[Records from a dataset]
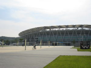 | あいの駅のすぐ先にはエコパスタジアムが。一山下ると法多山の山門に! | |
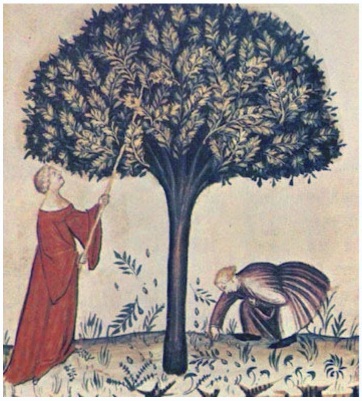 No, nut milk was not invented by Starbucks to annoy your crabbiest uncle. Almond milk is an ingredient in medieval cookbooks from Iceland to Iran, including the oldest known cookbook in the English language, The Forme of Cury, compiled around 1390. It was used in both sweet and savoury recipes, sometimes interchangeably with cow’s milk, sometimes as an egg substitute. After arriving from the Middle East, almond milk became so widely used in medieval Europe, the food history site Seconds calls it an “obsession”.
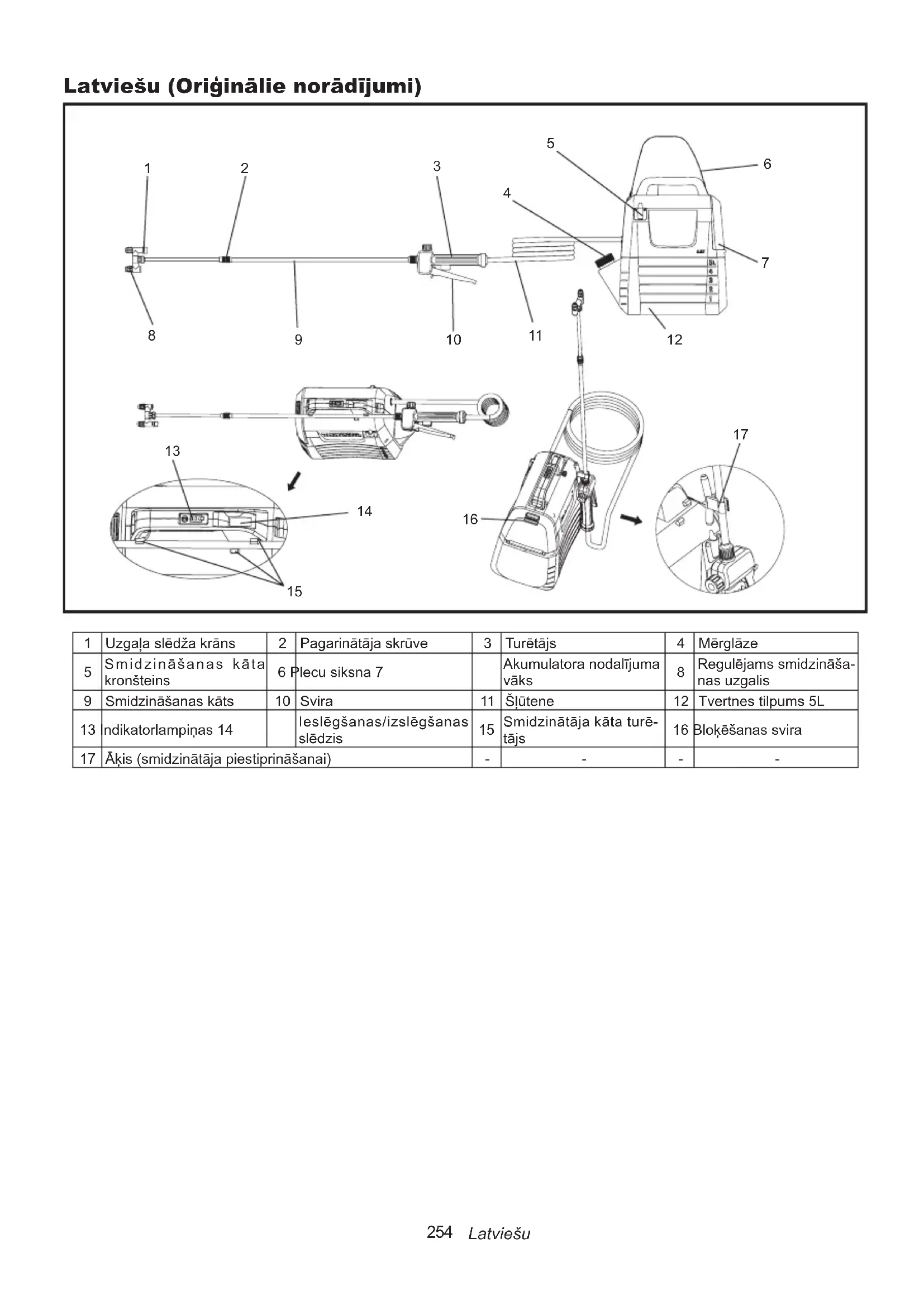 Regulējams smidzināša- nas uzgalis 9 Smidzināšanas kāts 10 Svira 11 Šļūtene 12 Tvertnes tilpums 5L 13 Indikatorlampiņas 14 Ieslēgšanas/izslēgšanas slēdzis
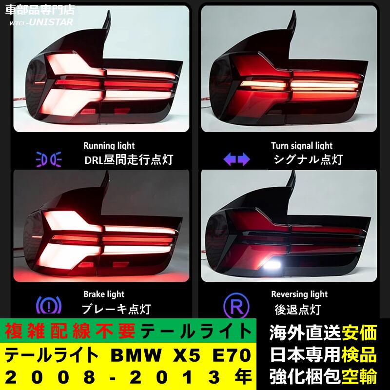 テールライト 汎用品 BMW X5 E70 2008-2013年 適用 アップグレード LED アニメーションライト オープニングモーション 付き
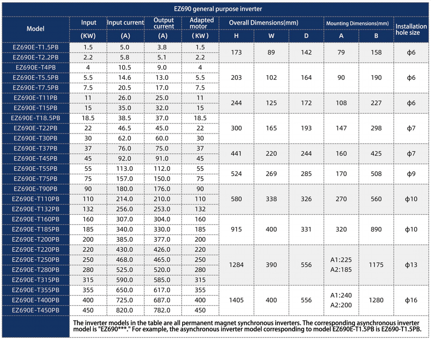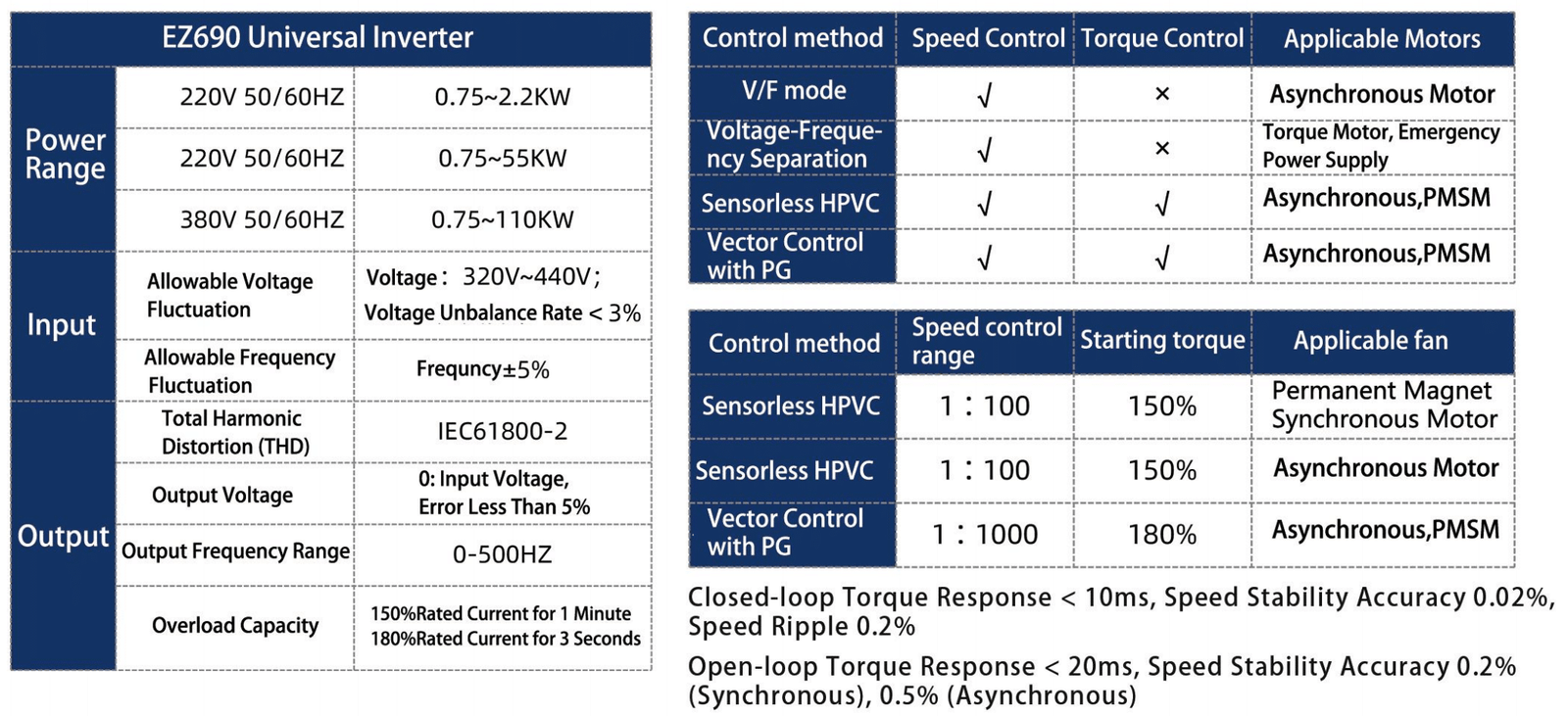 The EZ690 series not only adopts internationally leading vector control technology, compatible with asynchronous and synchronous motor control, but also achieves a compact design through rational component layout while prioritizing high performance and high reliability. It enhances customer usability and industry-specific design, featuring abundant expansion interfaces and new expansion accessories, achieving high performance, high reliability, high power density, and high applicability.

What the task requires:
Would you copy out all the data exactly, without the images?

Exercise output:
 | あいの駅のすぐ先にはエコパスタジアムが。一山下ると法多山の山門に! | |
 No, nut milk was not invented by Starbucks to annoy your crabbiest uncle. Almond milk is an ingredient in medieval cookbooks from Iceland to Iran, including the oldest known cookbook in the English language, The Forme of Cury, compiled around 1390. It was used in both sweet and savoury recipes, sometimes interchangeably with cow’s milk, sometimes as an egg substitute. After arriving from the Middle East, almond milk became so widely used in medieval Europe, the food history site Seconds calls it an “obsession”.
 Regulējams smidzināša- nas uzgalis 9 Smidzināšanas kāts 10 Svira 11 Šļūtene 12 Tvertnes tilpums 5L 13 Indikatorlampiņas 14 Ieslēgšanas/izslēgšanas slēdzis
 テールライト 汎用品 BMW X5 E70 2008-2013年 適用 アップグレード LED アニメーションライト オープニングモーション 付き
 The EZ690 series not only adopts internationally leading vector control technology, compatible with asynchronous and synchronous motor control, but also achieves a compact design through rational component layout while prioritizing high performance and high reliability. It enhances customer usability and industry-specific design, featuring abundant expansion interfaces and new expansion accessories, achieving high performance, high reliability, high power density, and high applicability.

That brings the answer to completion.